Similar to AreaFilter, WeekFilter
filters if a respondent exists in a certain week.
You can get the source
code of WeekFilter from:
http://codecentral.borland.com/codecentral/ccweb.exe/listing?id=20455
PopulationCalculator
calculates the population in the area and week we are interested in.
Because a
calculator doesn’t filter data, so it always return true. Instead of
having
criteria, PopulationCalculator has
a data
member ‘population’. The calculation is very simple: just accumulates
the
respondent’s weight into population variable.

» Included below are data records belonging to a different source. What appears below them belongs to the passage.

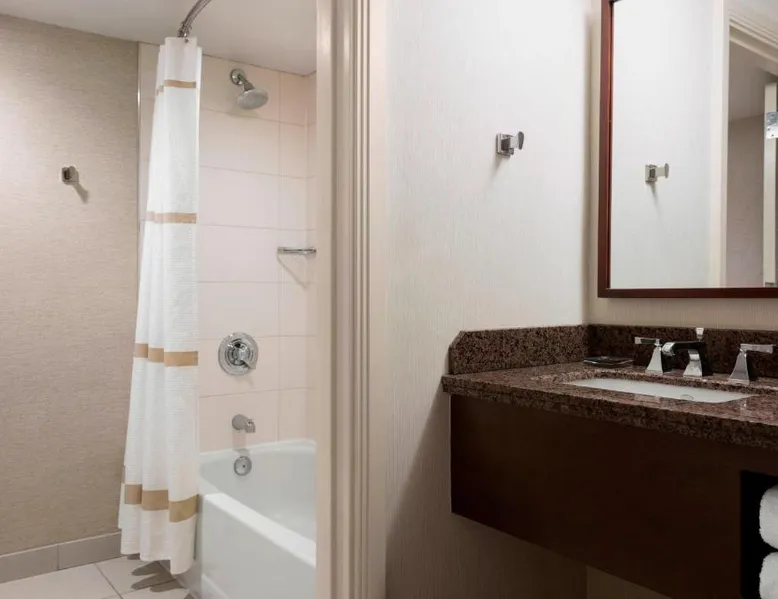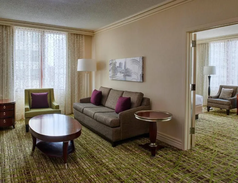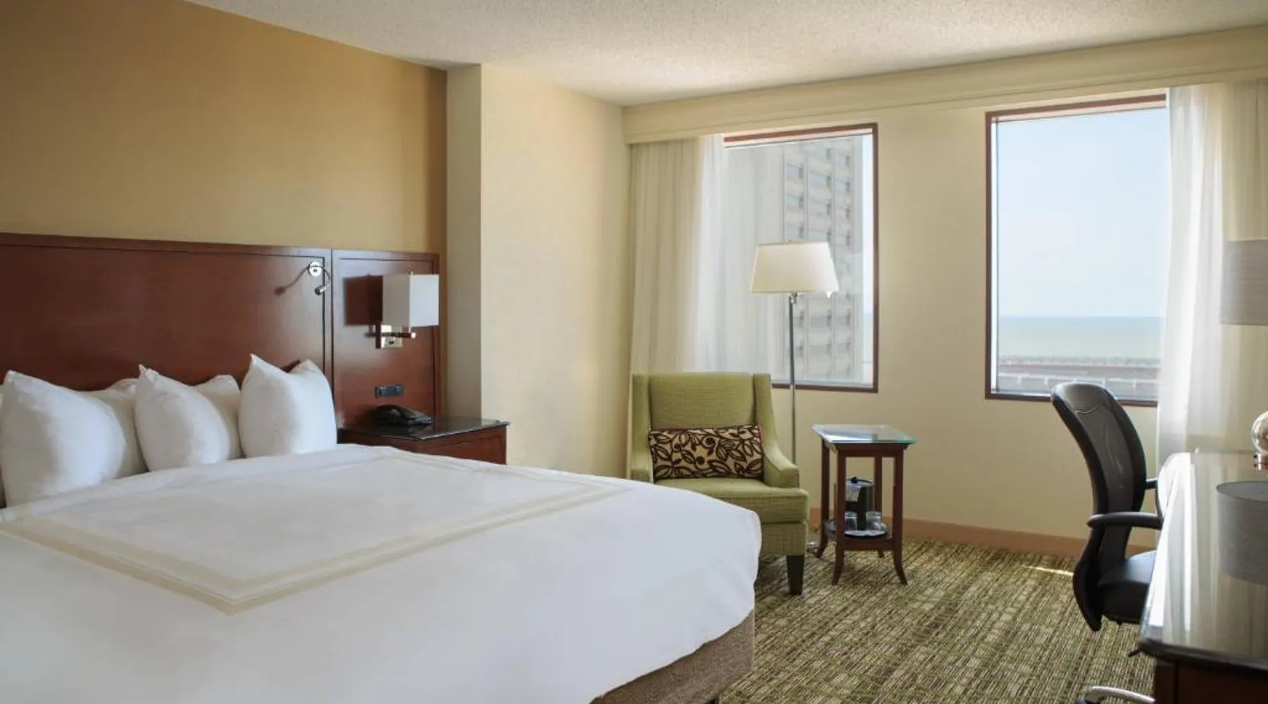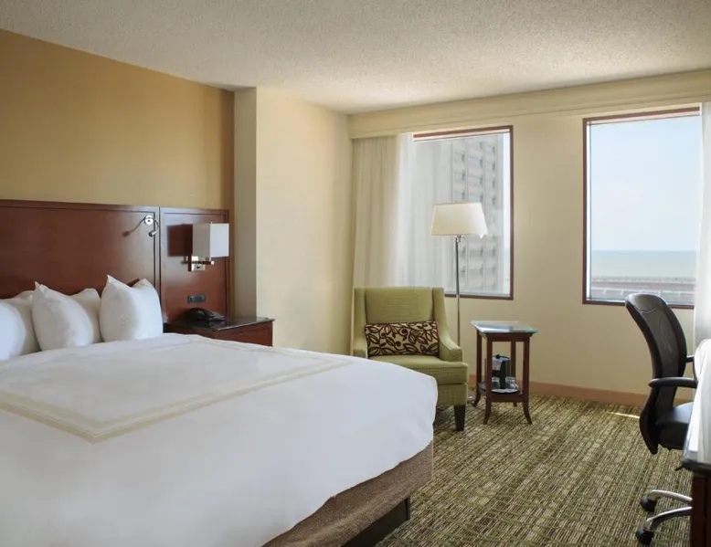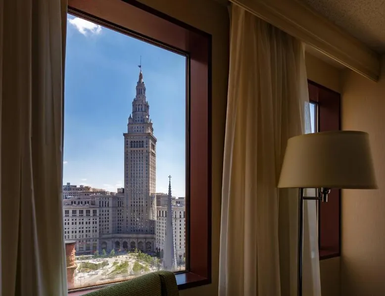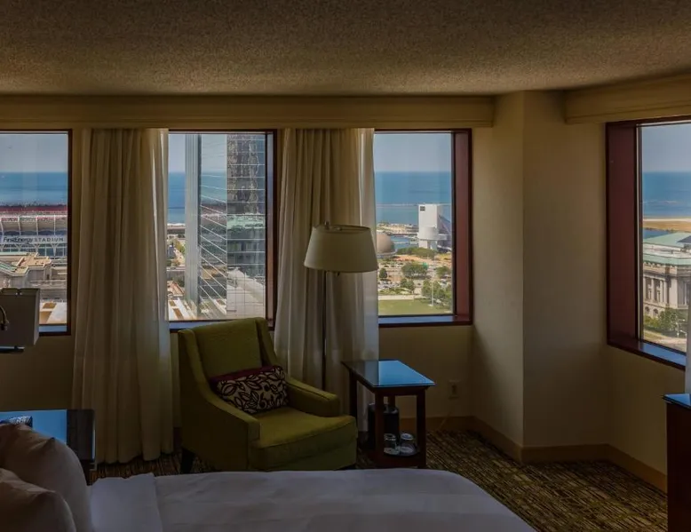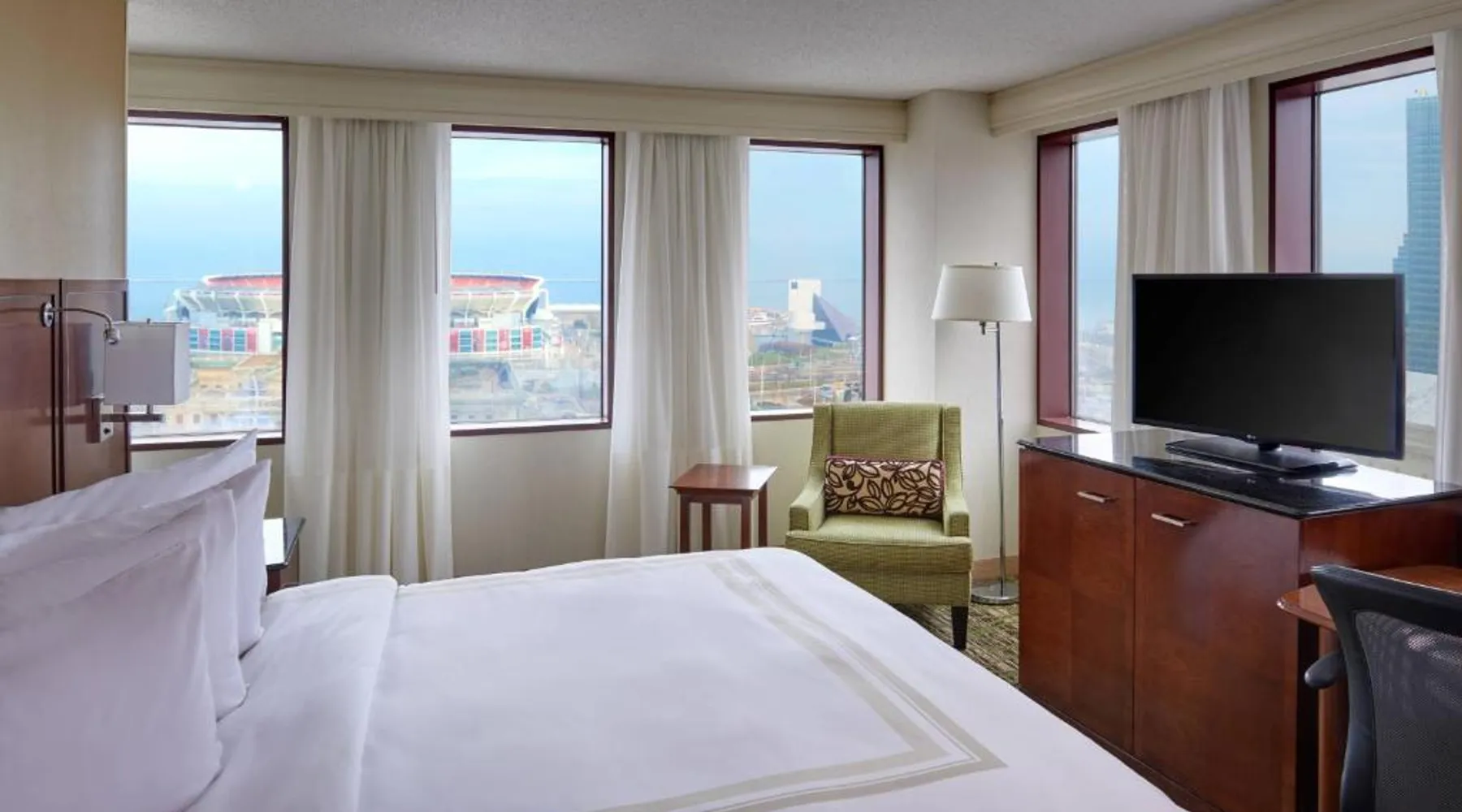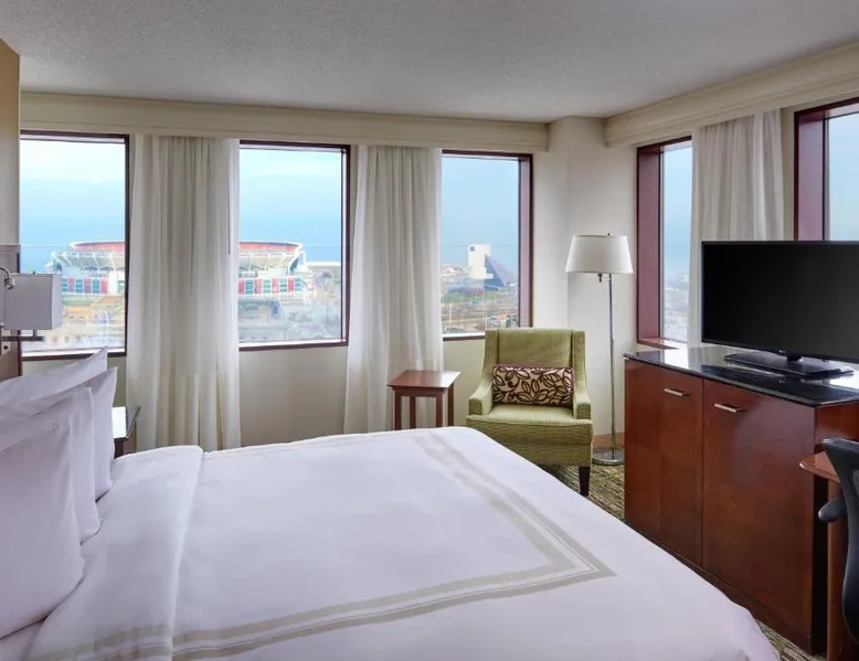 Located in the heart of downtown Cleveland, this hotel is less than a mile away from Cleveland Convention Center and offers a fitness center. Every room at Cleveland Marriott Downtown at Key Tower provides a flat-screen cable TV and marble bathrooms with rainfall shower heads. A seating area with a large chair and ottoman are also included. Guests can view sporting events on flat-screen plasma TVs while enjoying cocktails and casual dining at Greatroom Restaurant. 17,918 sq. ft. of meeting and event space is offered at Cleveland Marriott Downtown at Key Tower. Free WiFi is offered in the hotel lobby and public areas. Cleveland Marriott Downtown at Key Tower is within walking distance from Rocket Mortgage Field House, Progressive Field and the Rock & Roll Hall of Fame. Featuring a view of Lake Erie, this room includes a small refrigerator and a coffee maker. A desk and ironing facilities are also provided.
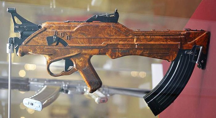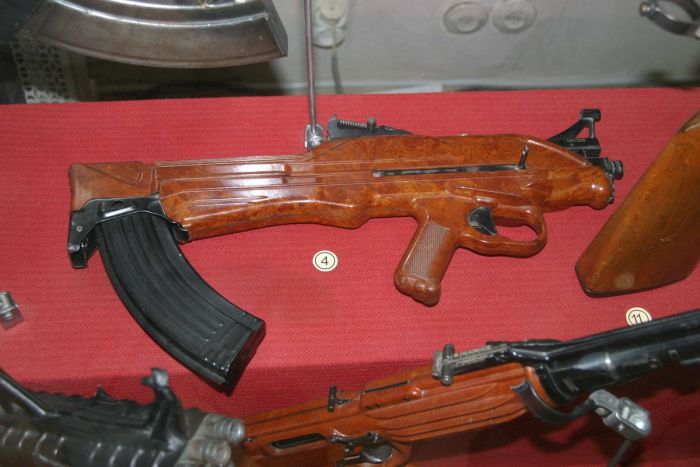 Перед вами экспериментальный автомат ТКБ-022ПМ компоновки булл-пап, который был разработан Германом Коробовым в 1960-х годах в ЦКИБ СОО. Уникальный автомат так и не был принят на вооружение, поскольку пугал своей новизной и необычными конструкторскими решениями военное руководство страны. Благодаря пластиковому корпусу масса автомата составляла 2,6 кг. Его длина составляла 755 мм, при длине ствола - 415 мм. В магазин помещалось 30 патронов калибра 7,62. Скорострельность - 560 выстрелов/мин.
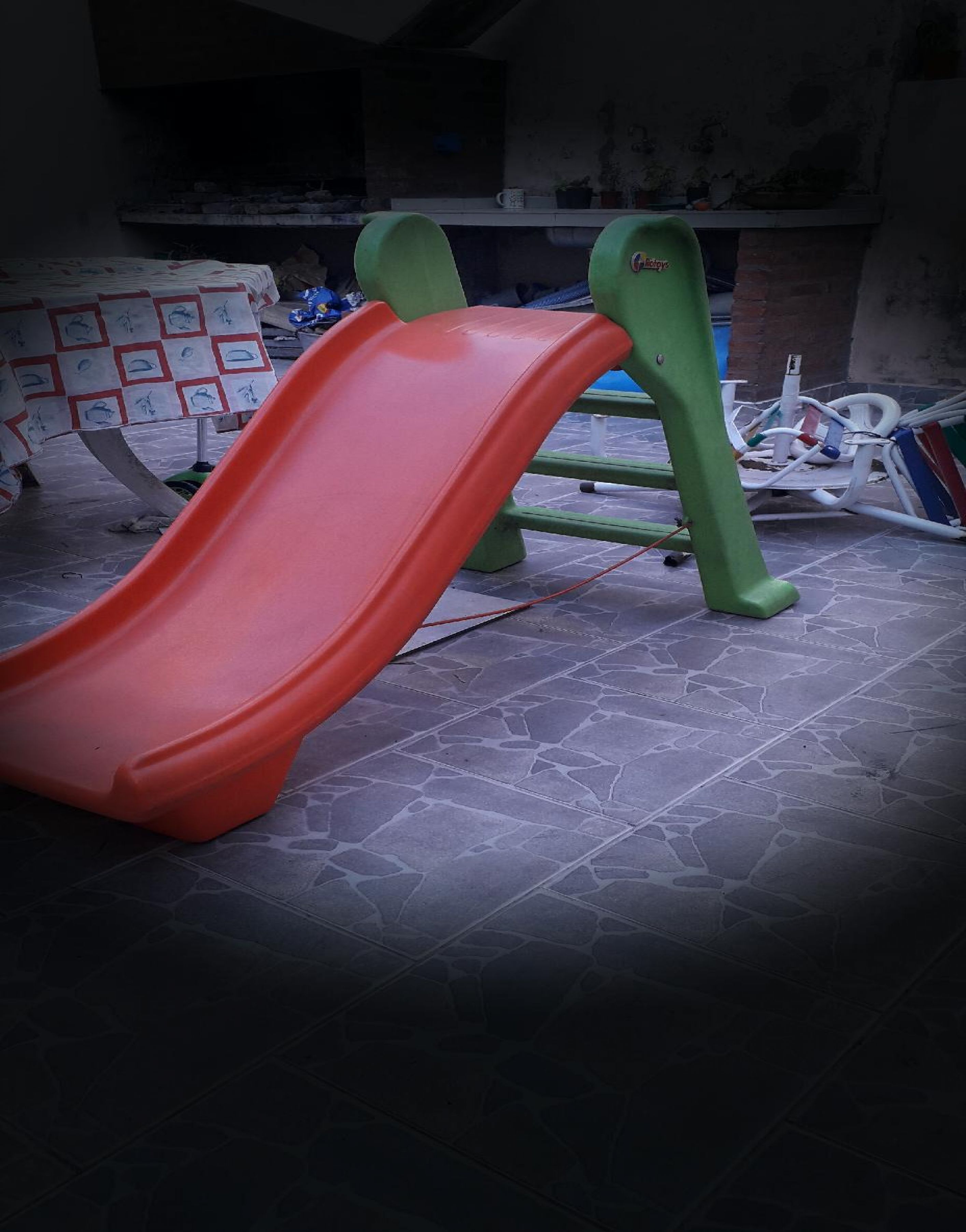 Tobogán usado irrompible de 4 escalones más calesita de regalo
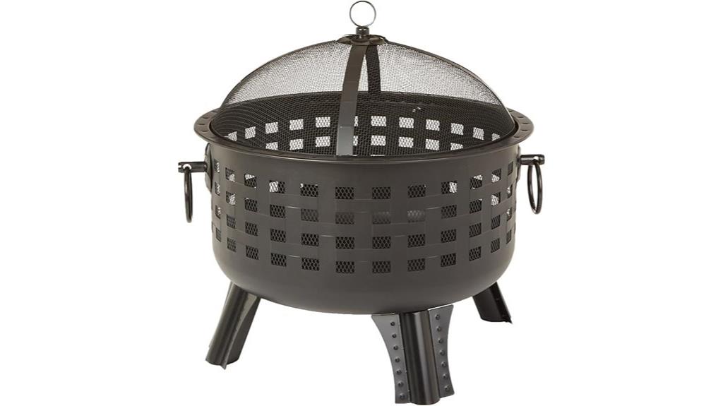 The Sunnydaze Crossweave Outdoor Fire Pit stands out as an excellent choice for those seeking a large, stylish fire pit capable of hosting sizable gatherings. With a 36-inch diameter and a sturdy alloy steel build, it’s perfect for outdoor parties with 6-8 people. Its black painted finish resists rust, while the decorative crossweave pattern adds visual appeal. The mesh-covered ventilation promotes steady fires with less smoke, and safety features like the outer ring and spark screen help contain embers. Easy to assemble and portable, it’s versatile for backyard bonfires, camping, or outdoor entertaining. Overall, it combines functionality, safety, and style in a durable package.
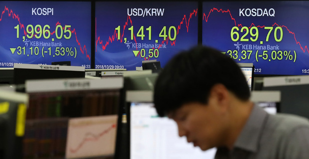 한국 증시는 주요 선진국에 비해 변동폭이 유독 크다. 지난달 코스닥지수는 21.11%, 코스피지수는 13.37% 하락했다. 세계 주요 30개 증시 중 하락률로 따지면 코스닥은 1위, 코스피는 3위를 기록한 것이다. 역설적으로 미중 무역전쟁으로 관세 인상의 직격탄을 맞은 중국 상하이 증시 (-7.89%)보다도 낙폭이 컸다. 무역전쟁의 피해를 직접적으로 입는 곳은 중국임에도 오히려 한국 기업 주가가 더 급락한 것이다.
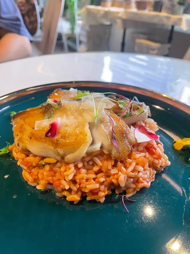 銀鱈魚煎到魚皮好香脆,魚肉嫩滑,有少少長的魚骨,食的時候要小心啲。每一啖意大利飯都充滿蕃茄醬汁,調味做得幾好。
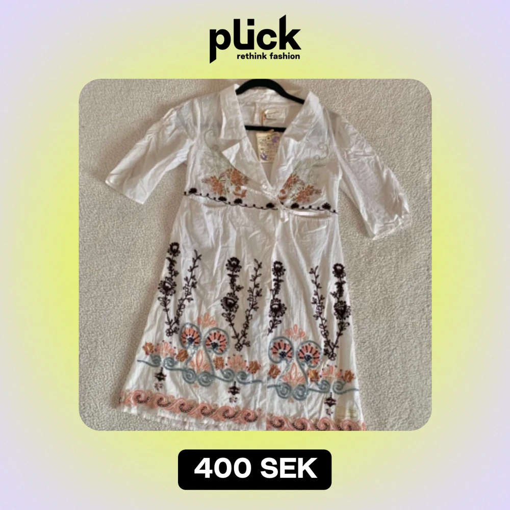 Otroligt vacker omlottklänning från Odd Molly med två små fickor och massor med fina mönster i pärlor och broderier. Ny med tags kvar, har en mindre obehandlad sminkfläck i nacken men inget som stör eller är märkbart. Storlek 1, motsvarar S.

class PopulationCalculator
{
typedef Respondent& ParamType;
public:
float population;
static const bool isPipeline = false;
public:
PopulationCalculator():population(0){}
bool operator() ( Respondent& rsp)
{
population += rsp.weight;
return true;
}
};
Build
the pipeline library
After building the process
units (filters and calculator), we can start to build the pipeline.
The
pipeline which calculates the population in certain areas and within
certain
weeks would like this:
typedef type_list( AreaFilter,WeekFilter,PopulationCalculator) unit_typelist;
Pipeline<unit_typelist> population_pipeline;
for(each respondent)
{
population_pipeline.Process(respondent);
}
cout<<population_pipeline.GetUnit<PopulationCalculator>().population;
In above code, ‘Pipeline’ is
the key class. It has all the power we discussed previously. However,
how to
implement this class is not easy.
A naturally thought of Pipeline
would be a std::vector. However, std::vector can not hold the three
process
units. Because WeekFilter, AreaFilter, PopulationCalculator are
different
classes. In fact, it is quite frustrating: The C++ standard library
doesn’t
provide a heterogeneous container capability.
Typelist
technique resolves the difficulty
A new C++ technique called
Typelist can resolve heterogeneous container issue. Before we start to
build
our pipeline, we need some background information about type list. If
you
already know typelist, you can skip this section.
Basically,
Typelist is a nested, recursive structure, terminated with an empty
structure, NullType. Here is the definition of
Typelist:
template <class T, class U>
struct Typelist
{
typedef T Head;
typedef U Tail;
};
Some
macros are used to create Typelist:
#define TYPELIST_1(T1) Typelist<T1, NullType>
#define TYPELIST_2(T1, T2) Typelist<T1, TYPELIST_1(T2) >
In theory, you can define as
many Typelist nodes as you want. But in the real world, hundreds of
type list
nodes will most likely reach the limit of your compiler.
Some
function can help you manipulate typelist. The one relates to our topic
is
IndexOf. IndexOf searches a certain type in the type list. Following is
the
format of IndexOf
IndexOf<type_list, type>::value
‘value’ is the index of ‘type’
in the type list. The index starts from 0. If value is -1, then it
means ‘type’
is not in the “type_list”.
One thing worth to mention that
IndexOf is a compile time function, the index value is decided at
compile time.
Using the Typelist structure
the compiler can generate a class hierarchy which can hold
heterogeneous
classes in a vector like structure. GenScatterHierarchy class is used
to
generate the heterogeneous container. Following is an example to
generate such
container:
template <class T>
struct Holder
{
T _value;
};
typedef GenScatterHierarchy<TYPELIST_3<int,float,double>, Holder> Element3D;
Elememt3D triple_types;
Field<int>( triple_types ) = 0; //access int field
Field<float>( triple_types)= 1.5; //access via field name
Field<double>( triple_types ) = 3.6; //access float index
Above example first defines a heterogeneous
container by using:
GenScatterHierarchy<TYPELIST_3<int,float,double>, Holder> e;
Here ‘e’ is a heterogeneous
container which can hold three types: int, float, double. The container
requires a wrapper class for the data type it holds. Class ‘Holder’ is
the wrapper
class in this example. In fact, we will replace “Holder” with a
structure
called “StepArray” later. “StepArray”
gives the ability to hold more than one homogeneous process unit in a
calculation step.
Field<>() is a helper
function to access the element inside the container. Everything works
similar
to STL vector except it is a compile time container.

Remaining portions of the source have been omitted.